Hiko: Touché, Monsieur Assbag.
Cop: What did you just call me?
Hiko: Monsieur Assbag. It’s a French term of respect.
Cop: Are you sure? Cause it just sounded like you called me an Assbag.
Hiko: Ah, but in French, Assbag means Noble Peacekeeper.
Cop: You sure?
Hiko: As far as you know.
Cop: Huh… OK. Well, I’ve looked at your record, and, well, shit, I can’t let you go. So I have to give you a ticket.
Hiko: I thought you might. Ticket away.
The cop wrote out the ticket.
Cop: You can either appear in court on the day circled on the back, or you can plead guilty and pay by mail at the address below.
Hiko: Will do.
Cop: Now you slow down, and don’t drive like such an asshole. It confuses people, since you’re driving a minivan and all.

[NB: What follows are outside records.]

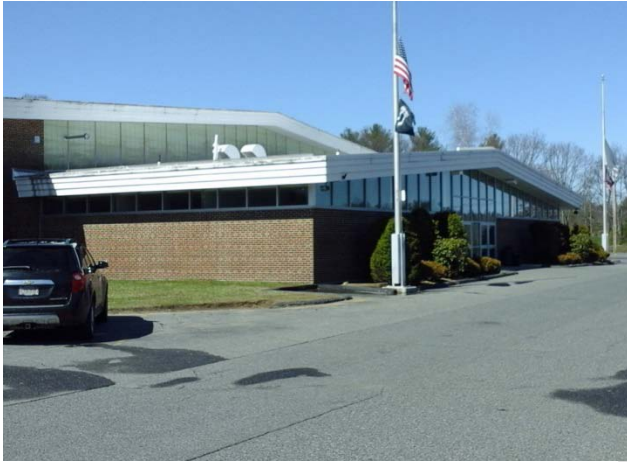
Pirelli Rink, Franklin. (See Appendix K for photo information.)
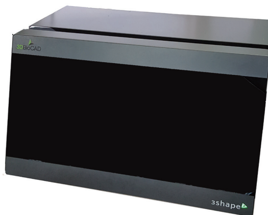
Fig. 2. 3D dental scanner used in this study.

at a rate of 8.3°C/min and maintained for 2 hours, followed by oven-cooling to room temperature. 10 specimens were prepared for each thickness and divided into 2 subgroups for 2 types of cement. Thus, each subgroup comprised 5 specimens. The interiors of the crowns produced for this study and the Nu-smile zirconia crowns were filled with 2 shades of Rely-X U200 Automix (3M/ESPE, Neuss, Germany): translucent (TR) and A2 shade. In accordance with the manufacturer's instructions, the crown was filled with cement using an automatic mixing syringe from the incisal tip to a slight overflow, taking care to avoid producing air bubbles. Light curing was carried out using VALO (Ultradent Products, South Jordan, UT, USA) light curing unit at an intensity of 1000 mW/cm 2 for 20 seconds on each labial and lingual surface, and excess cement was removed (Fig. 3A, 3B)
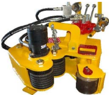
HYDRORENCH S14H, S110H, S112H

We have 11 different sizes for your well working needs. Personal or Company Use, Residential and Commerical.
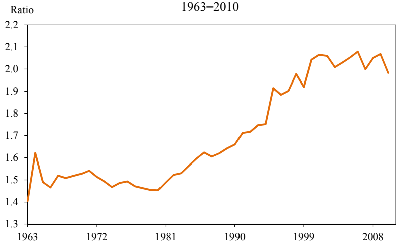
Figure 1-4 Earnings Ratio: College Degree or More to High School Degree,

Source: CEA calculations using March Current Population Survey data for workers aged 25-65 who worked at least 35 hours a week and for at least 50 weeks in the calendar year. Before 1992, education groups are defined based on the highest grade of school or year of college completed. Beginning in 1992, groups are defined based on the highest degree or diploma earned. Earnings are deflated using the CPI-U. Calculations are based on survey data collected in March of each year and reflect average wage and salary income for the previous calendar year.

Hiko: You can count on me.
Cop: You have a good day.
Hiko: You too, Monsieur Assbag.
The cop gave a flattered smile and sauntered away.
***To address my speeding issues… uh, if you work for Allstate, please stop reading now.

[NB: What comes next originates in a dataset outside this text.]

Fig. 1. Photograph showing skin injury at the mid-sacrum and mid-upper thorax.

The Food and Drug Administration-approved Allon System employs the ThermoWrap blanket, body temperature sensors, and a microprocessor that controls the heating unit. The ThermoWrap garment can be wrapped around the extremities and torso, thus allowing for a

Look! A ten car pile up! Uninsured motorists with severed limbs everywhere! Little Johnny will be in a body cast for 8 weeks, and Mr. Halliburton sprained his Vas Deferens! Look away! Look away!
Now then, where were we… oh yes. Going through my file folder marked “Tickets”, I have deduced that I have accumulated 23 speeding tickets in 9 states in 18 years of driving. I had my license for a week when I got my first. The last one I received was… uh, quite recent.

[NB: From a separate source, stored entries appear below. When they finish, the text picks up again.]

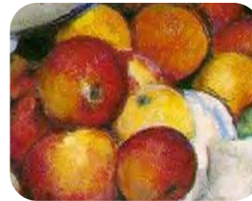
Paul Cézanne painted these apples in bold, warm colours.

Artists choose colours carefully. They decide whether to use warm or cool colours and think about how those colours make people feel.
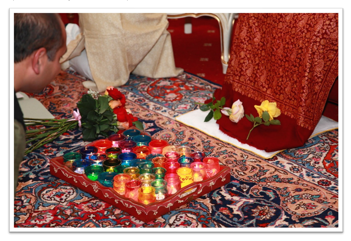
HH Shri Mataji Nirmala Devi Diwali Puja Cabella 18th October 2009

It's a great enjoyment with that, when the lights are burning, it's to give you happiness; they are burning their bodies to give you happiness. They are the ones who should teach us that we have to do something ourselves to enjoy our own higher awareness. ...Now as it is, what is the aim after all, what is the aim of our lives? We have to change the whole world into a peaceful theme. Changing yourself, of course, is great thing, no doubt; but changing others also will stop all the problems of the world. If all the people of this world become good people, then can you imagine what will happen?" (HH Shri Mataji Nirmala Devi)
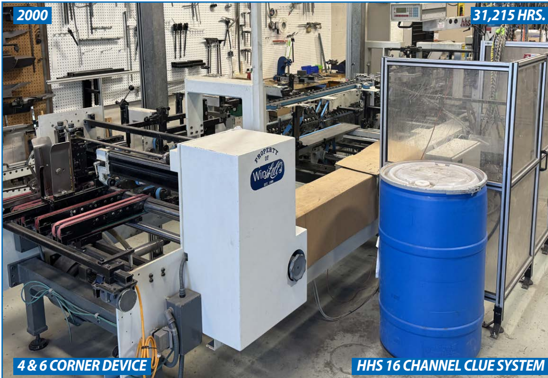
4 & 6 CORNER DEVICE

It has been suggested in some quarters that you have to be a moron to get nabbed for speeding that many times. I do not argue that. Those who do not learn from their mistakes are doomed to throw stones at glass houses.
In this society, it’s the price one must pay to assure that driving remains an enjoyable experience. I drive at a speed which I find comfortable. Unfortunately, that speed always seems to be somewhat above the posted number. I’ve always considered speed limits as more of a suggestion than a law. It’d be nice if you could go this speed, but, if you can’t, we got yer back, dawg.
Truthfully enough, it can get somewhat expensive in both the fine and resulting rate hike to drive the way I want. But – lucky me – I’ve never learned my lesson.
***Quote of the Week: “You want fries with that?” – Mike Junkin.